Tom-Wheeler-FCC

What Is Tom Wheeler Waiting For?

This post originally appeared in OtherWords.

Earlier this month, President Obama added his voice to the nearly 4 million people who have urged the FCC to preserve the open Internet and protect free speech online.

The president’s statement was a clear, concise directive on how the FCC should handle the question of Net Neutrality — the principle that prevents Internet service providers from blocking or interfering with online traffic by creating “fast lanes” for a few powerful companies while relegating the rest of us to a slower tier of service.

Obama first expressed his support for Net Neutrality when he was a presidential candidate in 2007, and he’s since spoken in favor of the principle on several occasions.

But this time was different: Obama finally got specific, calling on the FCC to reclassify broadband under Title II of the Communications Act. Reclassifying would provide the solid legal foundation needed to stop companies like AT&T, Comcast, and Verizon from becoming gatekeepers online.

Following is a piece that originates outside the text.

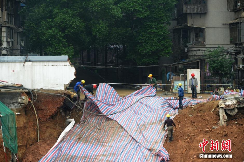 长沙一小区道路塌陷现场封锁 周边居民全部撤离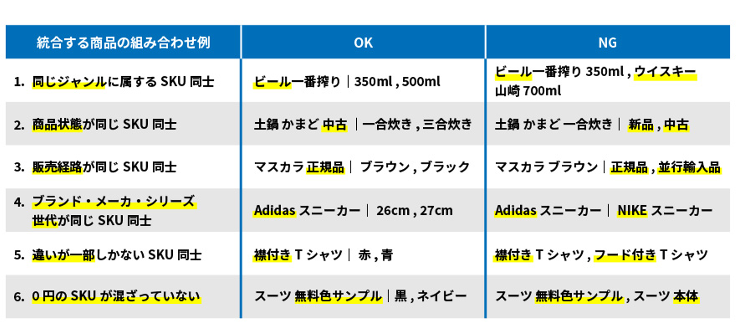 じゃあSKU統合をどんどんしていこう!となるのですが、

Obama’s statement was a high-profile moment in a year where a once-obscure issue has drawn front-page coverage — and galvanized activists nationwide.

The street outside the FCC’s headquarters was home to a two-week protest encampment in May. And a rally in Washington, D.C. drew huge crowds on May 15, when FCC Chairman Tom Wheeler released proposed rules that would allow rampant discrimination online.

Activists shadowed Obama on a fundraising trip to California over the summer. Protests took place in Manhattan and Philadelphia on September 15, the deadline for comments on the FCC proposal.

On September 10, 40,000 websites participated in the Internet Slowdown, an online day of action where sites greeted visitors with slow-loading pop-ups to show the world what a non-neutral Internet would look like.

Earlier this month, in response to reports that the FCC was considering new rules that would still permit the creation of fast lanes, vigils were held everywhere from Austin to Boston to Chicago to Minneapolis. And over the course of the fall, people’s hearings have taken place in Brooklyn, San Francisco, and Texas.

It’s important to note that Net Neutrality draws support from both sides of the aisle. A November University of Delaware poll, for example, revealed that over 80 percent of both Democrats and Republicans support keeping the Internet open.

Is any of this getting through to Wheeler?

In response to the president’s statement, Wheeler reportedly told a group of industry lobbyists that his challenge is figuring out how to “split the baby.” The comment suggests he could still be trying to write rules that pay lip service to the open Internet but ultimately allow phone and cable giants to create fast and slow lanes online.

Despite the overwhelming public and political support for Net Neutrality, the chairman — who previously served as a top lobbyist for the cable industry — so far seems incapable of breaking with his old bosses.

The coalition backing Net Neutrality is as broad and diverse as it is deep. Surely this ocean of support means more than the whispers of the many phone and cable lobbyists who come knocking at the FCC.

Wheeler himself claims to oppose the creation of fast lanes. But so far he hasn’t backed those claims up with a proposal that would actually prevent them.

What more does Wheeler need to do the right thing? He now has Obama’s backing and a strong public mandate for real Net Neutrality.

The future of the open Internet is too important to be left to business as usual in Washington. The Internet service providers’ political influence may be formidable, but public opinion favors real Net Neutrality and nothing less.

Now it’s up to Chairman Wheeler to make it happen.